The problem is you often don't know it beforehand and therefore in my opinion something you definitely want to learn is how to fold a bad hand (or skill).
I'm happy to see that you're also not interested in devops and lower level languages :) I had the same idea in mind a couple of years ago when I was building and setting up the production node.js environment at work. That led me to develop stormkit.io which was built exactly with this use case in mind: Just focus on your code, and get your production-ready environment out of the box. It's still in the alpha stage, so I'd be super happy to hear your feedback.
To answer the question asked: I'm not interested in learning anything that's documented exclusively in 1000 page PDFs. (Encountered 2 such systems at my last job and found it highly demoralizing. 😬)
On the VIM tangent…
For anyone who's in the "I'll learn VIM when I've got tons of free time and feel somehow inspired to slog through the VIM tutorial," check out vim-adventures.com! (No affiliation.)
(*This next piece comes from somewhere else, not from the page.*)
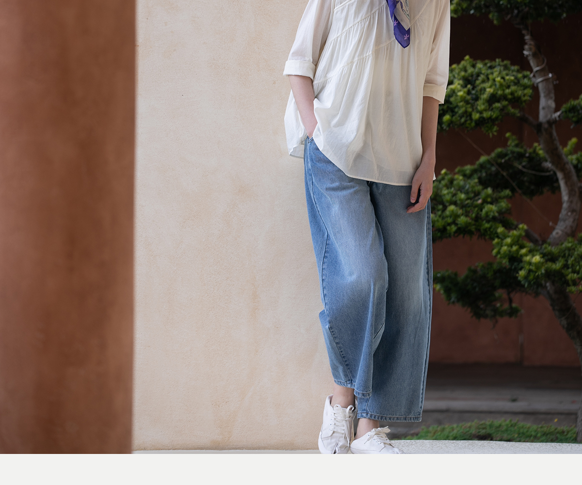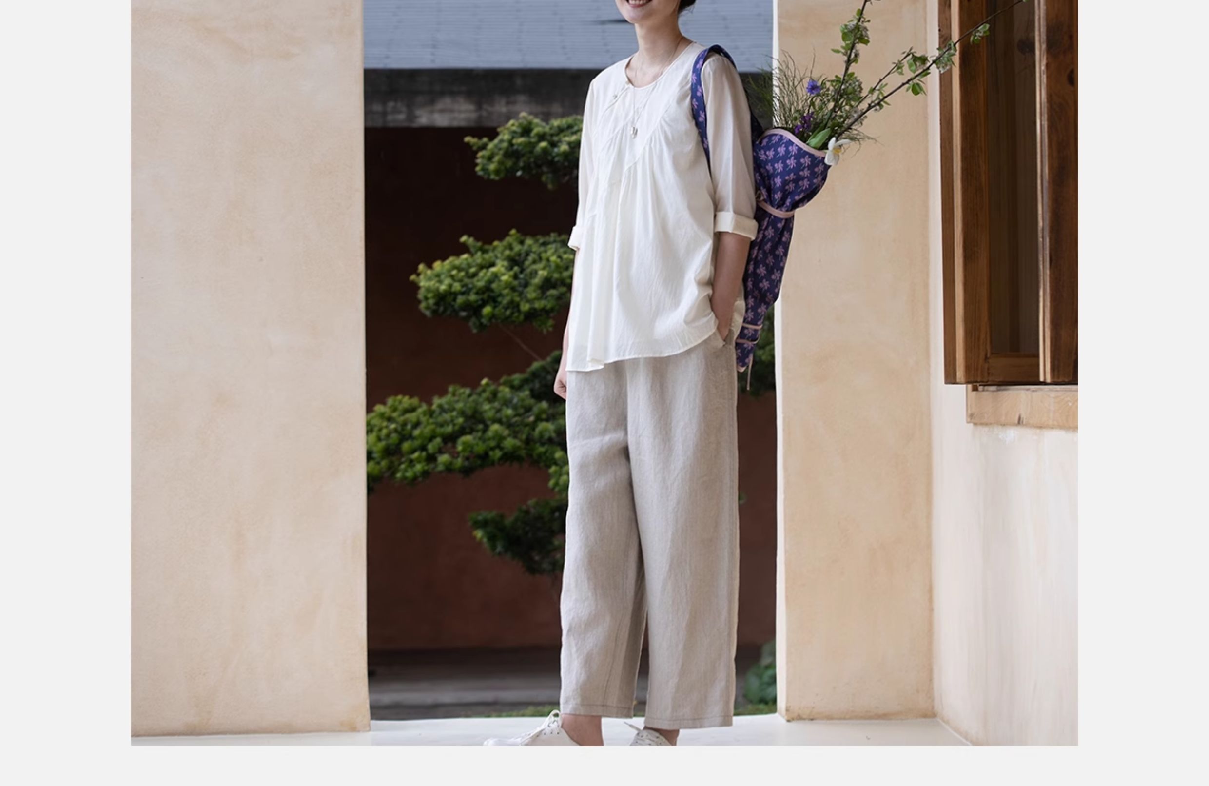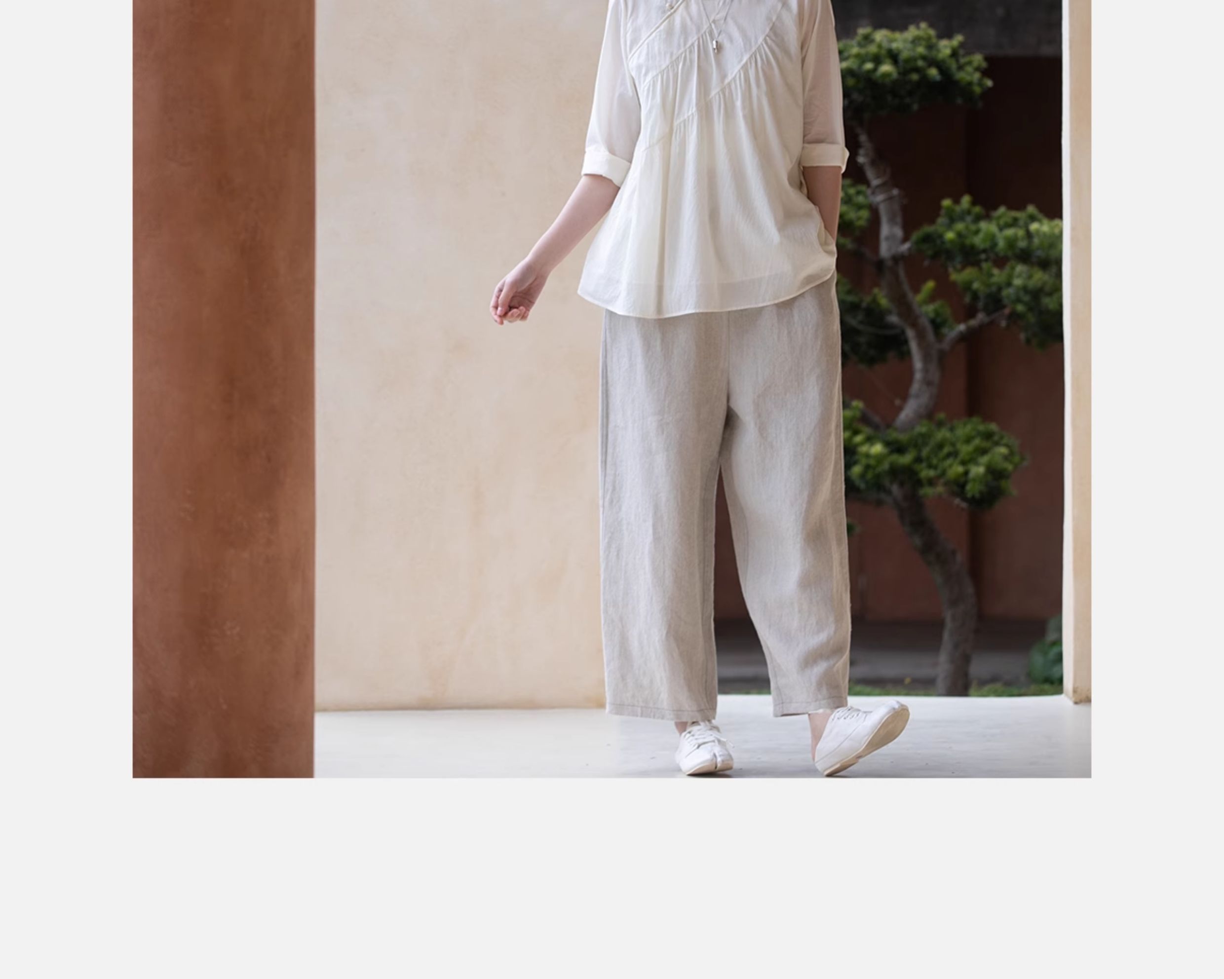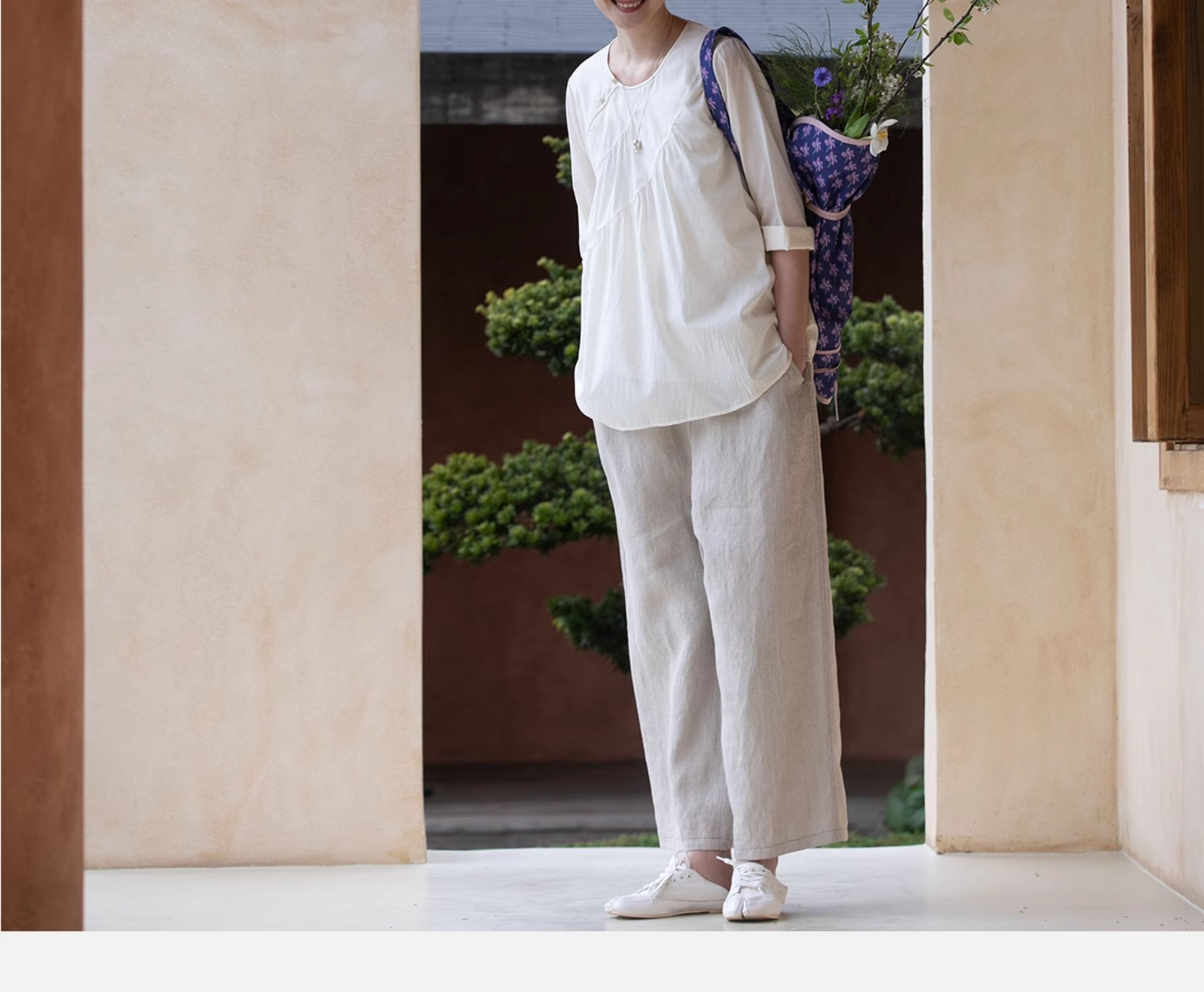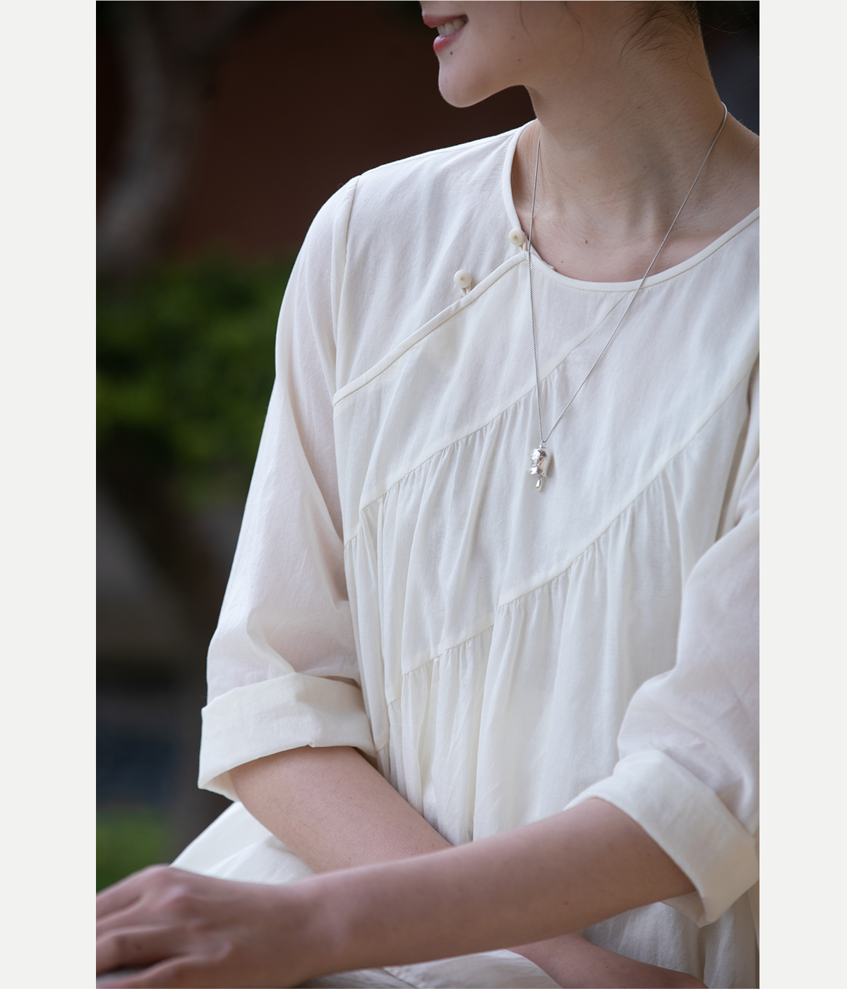 牧衣游原创 80支全棉套头衫新品轻薄通透斜襟白色百搭上衣 江南桂

I started the tutorial twice without finishing before stumbling on this surprisingly-entertaining game. It had 12 levels, rather than 13, at the time, and I finished them all over the course of a few days and came out with skills I thought would be forever beyond my reach!
The first 3 levels — which are free with no account creation necessary — give you a good feel for it, along with the basics needed to begin to "feel" what VIM motions can do. As a matter of principle, I generally hate to endorse products in open forums, but this one's worth making an exception as it's rare to find anything that makes learning a dry technical skill feel not just fun, but effortless.
-> Front End and UX stuff
-> TOTALLY VIM, it scares me
Networking , robotics , block chain , AI , Design
To stay on the topic though, I don't really have any desire to learn Ruby in any more depth than I already have unless there's a project or reason for me to do it, nor objective-c as I already know several c based languages and swift is slated to replace it anyway and I know enough to be able to context switch to knowing it as well as most programers in 1-3 days.